Gargash was also quoted as saying the UAE was “monitoring political arrangements” and “empowering Yemenis in liberated areas.”
The UAE has been among the most active members of a Saudi-led coalition that intervened more than a year ago to help forces loyal to Yemen’s internationally recognized government roll back gains by Shiite Houthi rebels, who still control the capital, Sanaa, and much of northern Yemen.
Yemeni security officials told The Associated Press that Emirati troops were still guarding the airport and presidential palace in Aden on Wednesday, where the government of exiled President Abed Rabbo Mansour Hadi has been operating from. Hadi’s government was driven out of Sanaa in late 2014. Emirati troops also have a camp in Aden.
Continued fighting on several fronts killed at least 48 people over the past day, according to Yemeni security officials. Another 65 people were wounded in combat between rebels and government forces around the besieged city of Taiz as well as in Shabwa, Jawf and Marib provinces. All officials spoke on condition of anonymity because they were not authorized to speak to journalists.
In addition to fighting the Houthis and their allies in Yemen, the UAE helped the Saudi-led coalition drive al-Qaida from the southern coastal city of Mukalla in April.
The United States has provided military support, intelligence, ships and special operations forces to help the ongoing operations against al-Qaida’s Yemen affiliate. American special operations forces have also been advising the Yemeni, Emirati and Arab coalition forces in the region.
The UAE, which has one of the best-equipped militaries in the region, suffered numerous losses over the past year of fighting in Yemen, including four pilots killed in two separate helicopter crashes this week. Government media reports say more than 80 Emirati soldiers have been killed since operations there began on March 26, 2015.
In September, 45 Emirati troops were killed by a rebel missile attack, marking the deadliest day for its military in its 44-year history. The government has never made clear the numbers of Emirati troops serving in Yemen.
The United Nations said in January that at least 2,800 civilians have been killed and more than 5,300 have been wounded since the Saudi-led operation began. The coalition has been slammed by rights groups and aid organizations for the deaths of hundreds of Yemeni civilians in airstrikes.

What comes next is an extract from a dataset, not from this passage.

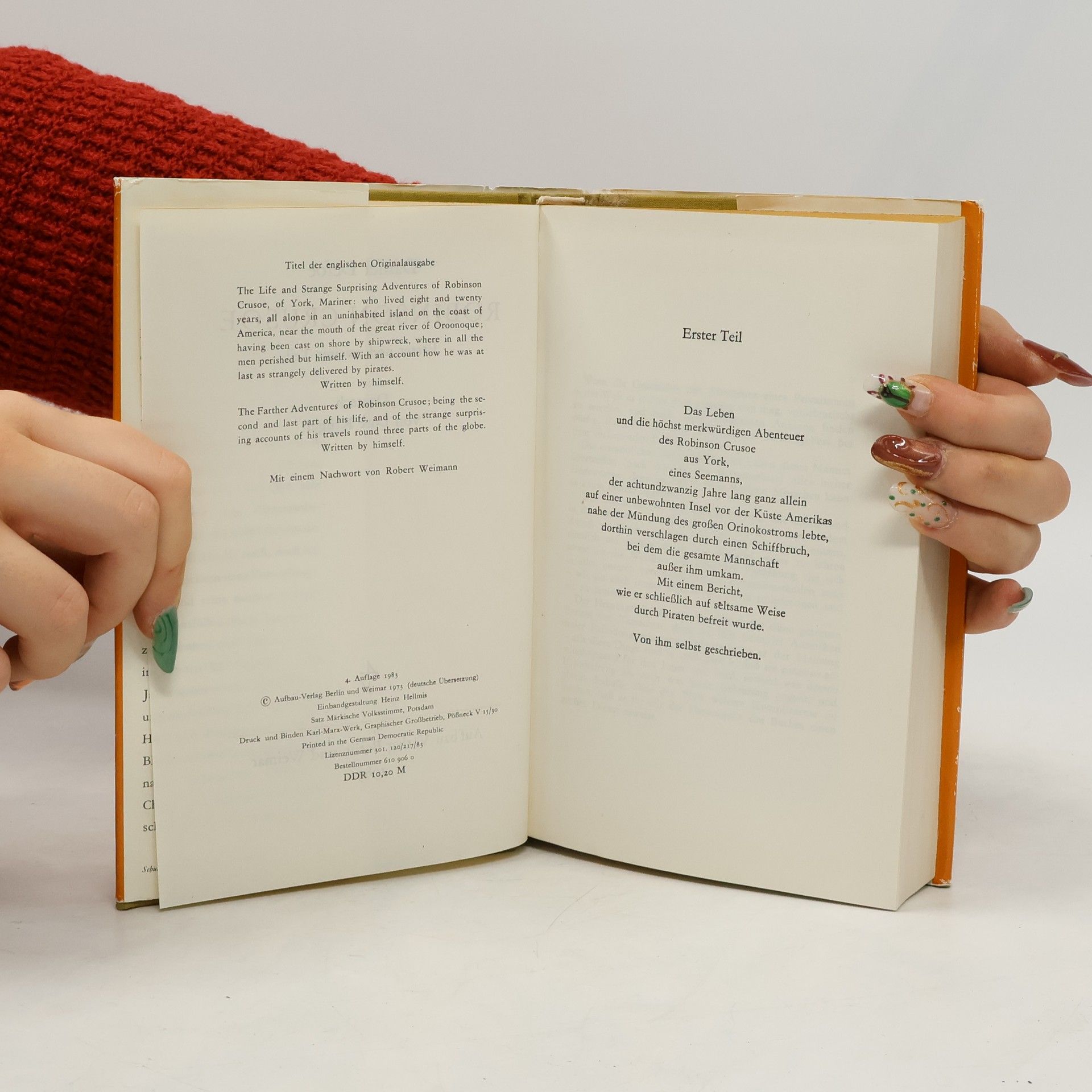 »Das Leben und die seltsamen Abenteuer des Robinson Crusoe, eines Seemanns aus York. Welcher achtundzwanzig Jahre ganz allein auf einer unbewohnten Insel vor der amerikanischen Küste, nahe der Mündung des großen Orinoco lebte, wohin er nach einem Schiffbruch, bei dem die ganze Besatzung außer ihm selbst ums Leben kam, verschlagen wurde. Nebst dem Bericht wie er auf wundersame Weise durch Piraten gerettet wurde. Geschrieben von ihm selbst.« So lautet der volle Titel des Buches, dessen wichtigste Begebenheiten hier in Auswahl dargeboten werden. Gekürzte Ausgabe

In his remarks, Gargash defended the UAE’s decision to go to war in Yemen, saying that all political means had been exhausted in the crisis and that Iranian “interference” and support for the Houthis required decisive action. The coalition accuses Iran of arming and supporting the Houthis, while Iran says it has only given the group political support.
Gargash was speaking to a private audience of guests invited by the crown prince to his royal gathering space, or “majlis,” as it’s referred to in the Gulf, as part of a nightly series of lectures given during the Islamic holy month of Ramadan.